Perhaps sequence the same organism multiple ways and cross check.
Do they actually do this?
(Score: 3, Informative) by gringer on Monday March 27 2017, @04:28AM (2 children)
The base-call accuracy of Illumina sequencing is very high, typically 1 in 1000 [mostly random] errors. Illumina doesn't have an accuracy problem, but it does have issues with read length. These length issues are mostly dealt with by Hi-C, but not entirely.
A few structures remain that are impossible to assemble precisely using short-read technology regardless of the depth or sequence quality. One example is highly-repetitive sequence within the centromeric region of chromosomes. These regions have repeated sequences where the unit of repeat is longer than the read length of the sequencer, which means that assembly results in hundreds of back-to-back repeats of a single sequence collapsing into a single unit.
Imagine doing a jigsaw puzzle of a picket fence or a corrugated iron roof, but the dimensions of the puzzle are not known, and there are lots of duplicated pieces.
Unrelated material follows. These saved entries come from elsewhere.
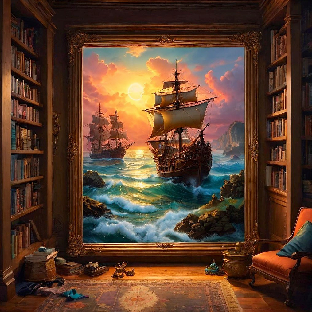 Sailing at Sunset in Cozy Library
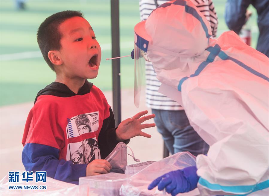 在武汉东西湖区吴家山第一小学操场检测点,工作人员对市民进行核酸检测。新华社 肖艺九 摄
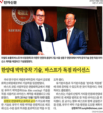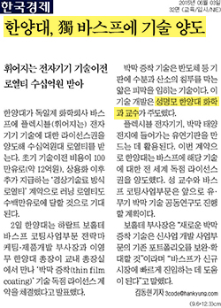 3일자 <매일경제>, <한국경제>, <전자신문>에는 성명모 화학과 교수가 주도해 개발한 '유무기 박막증착 기술'이 독일계 화학회사 바스프로부터 기술력을 입증받았다는 내용이 전해졌습니다. 지난 2일 바스프 코팅 사업부문 전략마케팅·제품개발 부사장과 한양대가 만나 '박막 증착' 기술 독점 라이선스 계약을 체결한 것인데요. 이 기술은 플렉시블 전자기기, 필름형 태양전지에 들어가는 유연 기판을 만드는 데 필요한 핵심 기술이라고 합니다. 이후에도 성 교수 연구진과 바스프는 유무기 박막 기술 공동연구도 진행할 예정이라고 합니다.
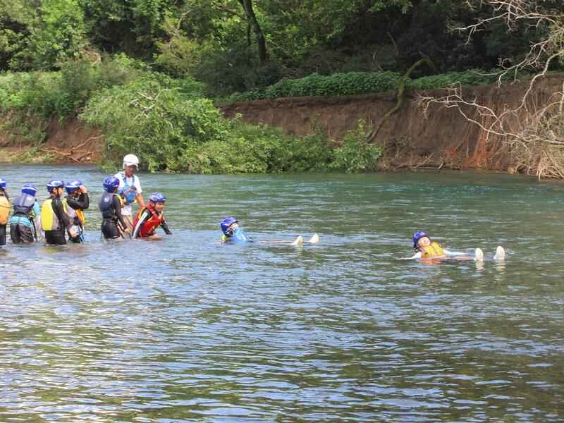 まずは、ライフジャケットを着て、水に浮くことから体験をしました。川下に足を向け、流れる方向を見ることや流れに変化があることなどを学びました。
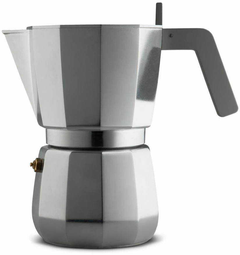 An eleven-sided volume for a coffee maker with a familiar and at the same time innovative form: Chipperfield introduces a series of details that make the Moka design new and even more functional, such as the flat lid on which to place the cups to be heated – allowing optimum enjoyment of the aroma and flavour of the drink – or the position of the knob which allows you to easily raise the lid, using only one hand.
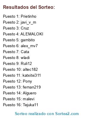Lista de participantes: gambito, javi_v_m, alex_mv7, wladi, altec182, ALEMALOKI, Prietinho, Cruz, Alguero, Ruli12, katxitxi311, Pony, fernan219, Tejuka11, malevi, Cata.

That's the problem that Hi-C has difficulty dealing with.
Ask me about Sequencing DNA in front of Linus Torvalds [youtube.com]
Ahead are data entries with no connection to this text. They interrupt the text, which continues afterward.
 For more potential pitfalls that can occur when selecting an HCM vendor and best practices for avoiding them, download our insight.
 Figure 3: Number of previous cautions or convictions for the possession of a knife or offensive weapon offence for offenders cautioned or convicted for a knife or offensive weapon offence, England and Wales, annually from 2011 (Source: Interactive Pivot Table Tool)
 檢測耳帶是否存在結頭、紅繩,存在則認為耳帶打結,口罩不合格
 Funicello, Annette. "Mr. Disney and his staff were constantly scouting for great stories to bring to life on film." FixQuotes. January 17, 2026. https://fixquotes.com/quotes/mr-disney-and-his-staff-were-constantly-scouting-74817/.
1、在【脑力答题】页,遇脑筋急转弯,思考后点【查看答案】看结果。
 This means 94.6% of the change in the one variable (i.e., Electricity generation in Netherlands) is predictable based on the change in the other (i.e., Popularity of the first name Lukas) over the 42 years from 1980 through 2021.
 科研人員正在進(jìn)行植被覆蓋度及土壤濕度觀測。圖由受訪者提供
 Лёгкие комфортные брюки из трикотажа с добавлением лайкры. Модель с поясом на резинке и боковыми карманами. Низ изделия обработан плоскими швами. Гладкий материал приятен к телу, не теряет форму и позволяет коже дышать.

(Score: 0) by Anonymous Coward on Monday March 27 2017, @12:50PM (1 child)
Thanks,
Given the number of base pairs in a human, 10**-3, while amazing, does not sound like a reliable tool yet.
In a diagnostic situation, seem like an incorrect read might head a diagnosis down a false path.
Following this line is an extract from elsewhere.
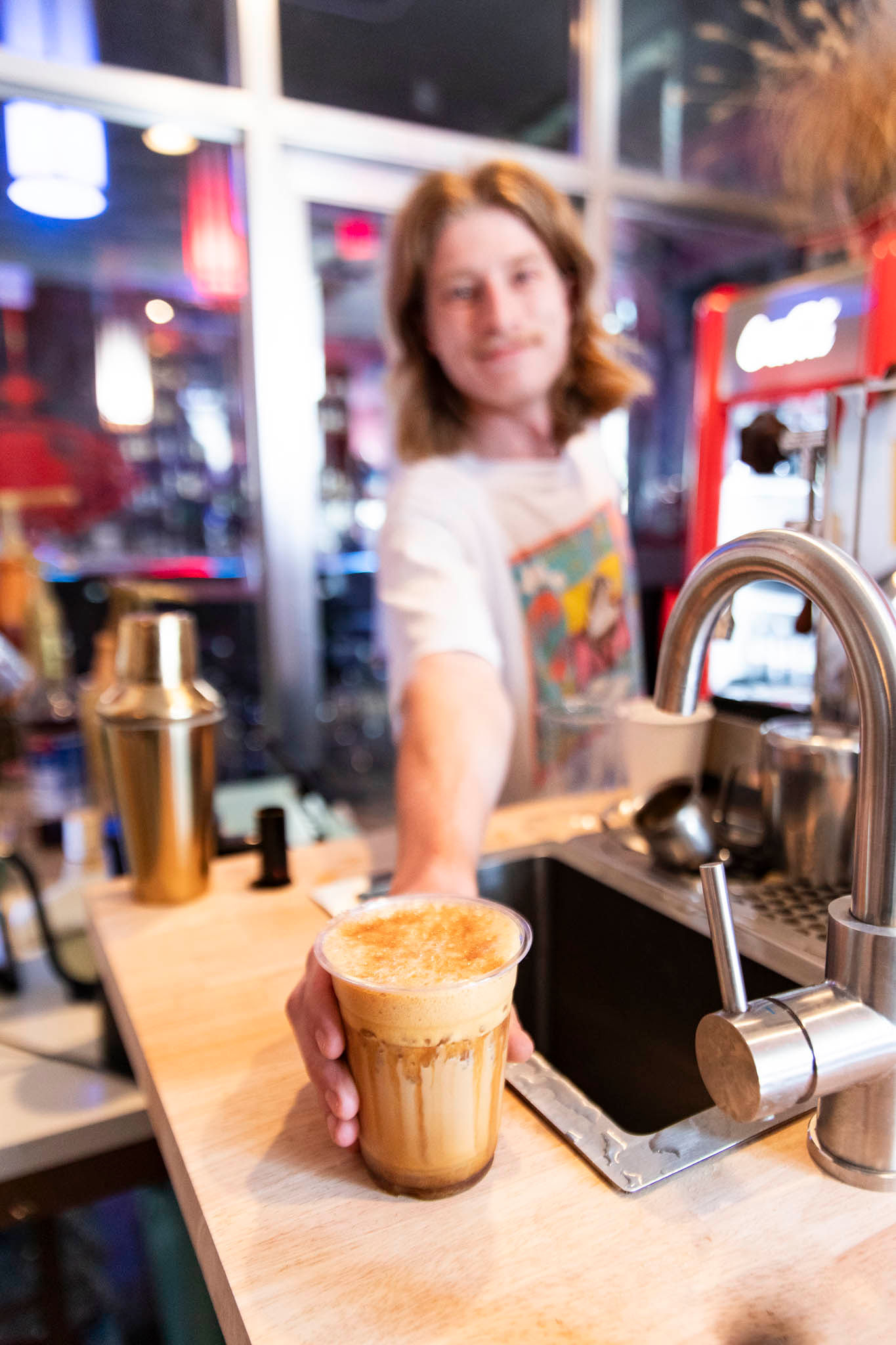 Owner Manning Bergeron slings drinks from the small counter every day. Their goal is to offer high-quality beverages and a space for people to hang out.
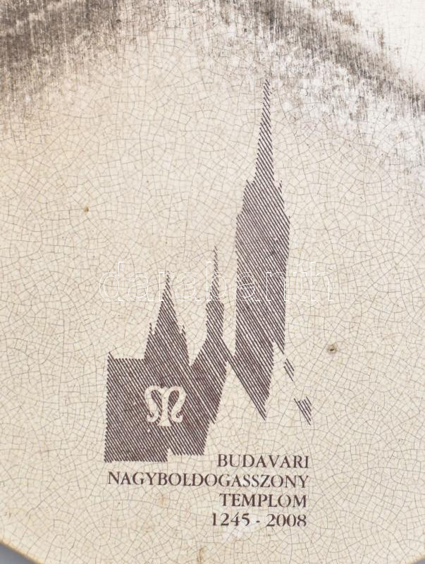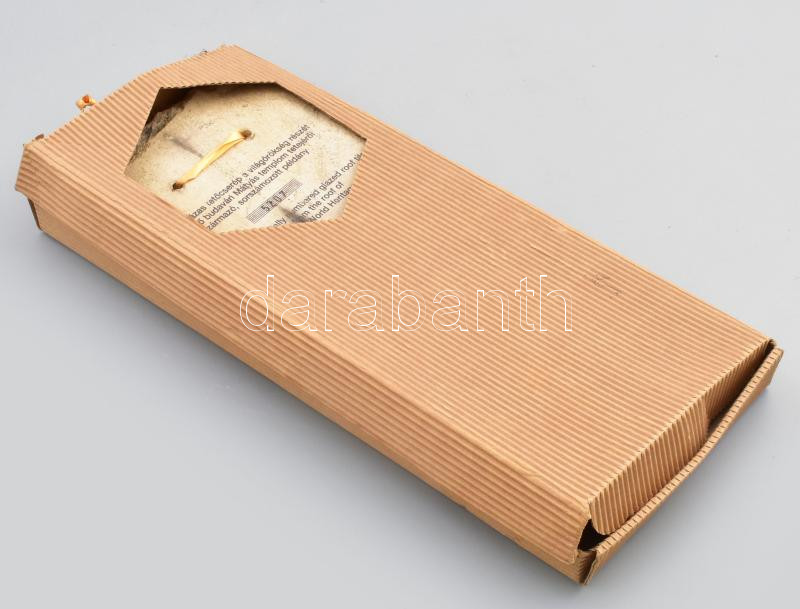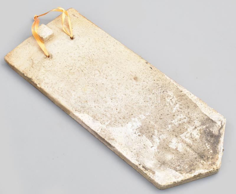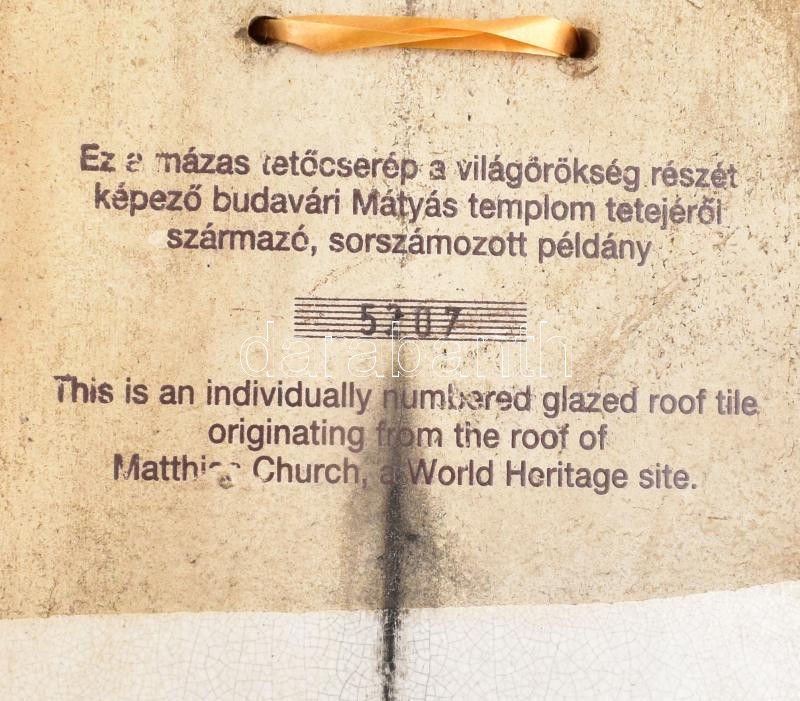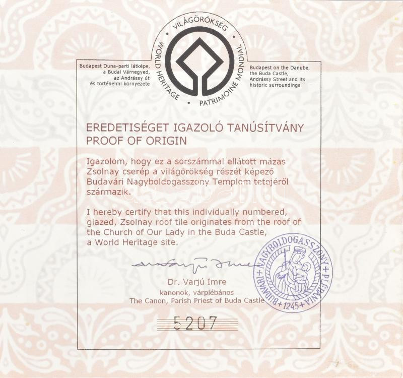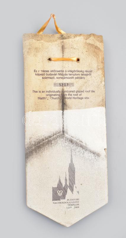 A budavári Nagyboldogasszony templom tetejéről származó Zsolnay-mázas tetőcserép, sorszámozott példány, eredetiségigazolással, rövid ismertetővel, hullámpapír védőtokban, 35×14,5 cm / Original, glazed Zsolnay roof tile from the Church of Our Lady in Buda Castle, numbered, with certificate of origin

On the other hand, it does provide insight into an area of near cluelessness.
(Score: 0) by Anonymous Coward on Monday March 27 2017, @07:52PM
does not sound like a reliable tool yet
That is for a single read. You can fix that with increased "coverage" (multiple reads of the same sequence).
Simple example:
The quick brown fax
The quikk brown fox
The quick rrown fox
The quick brown foc
Thq quick brown fox
The quick brown fox
https://en.wikipedia.org/wiki/Coverage_(genetics) [wikipedia.org]
(Score: 2) by sbgen on Monday March 27 2017, @04:01AM
I think the summary got the article's claim slightly wrong. I do not have access to the article tax payers already paid for, will have make do withe the abstract for now. Full article will have to be for tomorrow. Here we go:
The authors used existing draft assemblies in combination with their own short-read sequences to construct the whole genome. In addition, they generated Hi-C data, which provides a map of how chromosomes fold. Hi-C experiments are complex and I wont bore you with details today. By combining the Hi-C data and the genome assembly (with the help of *existing draft assemblies*) authors have generated a complete 3-D map of the genome of those organisms --> a map showing the sequence + how it is topographically arranged (folding-map). They do not claim to have generated genome assembly *de novo*. That would be possible with long read sequencing technologies. Only Pac-Bio and Oxford nanopore (MinION) have instruments for that purpose. As gringer mentioned MinION can generate de novo assembly for far lesser expense than mentioned in the TFS.
I swear I posted this earlier but it appears to have vanished. If this is a duplicate my apologies.
Warning: Not a computer expert, but got to use it. Yes, my kind does exist.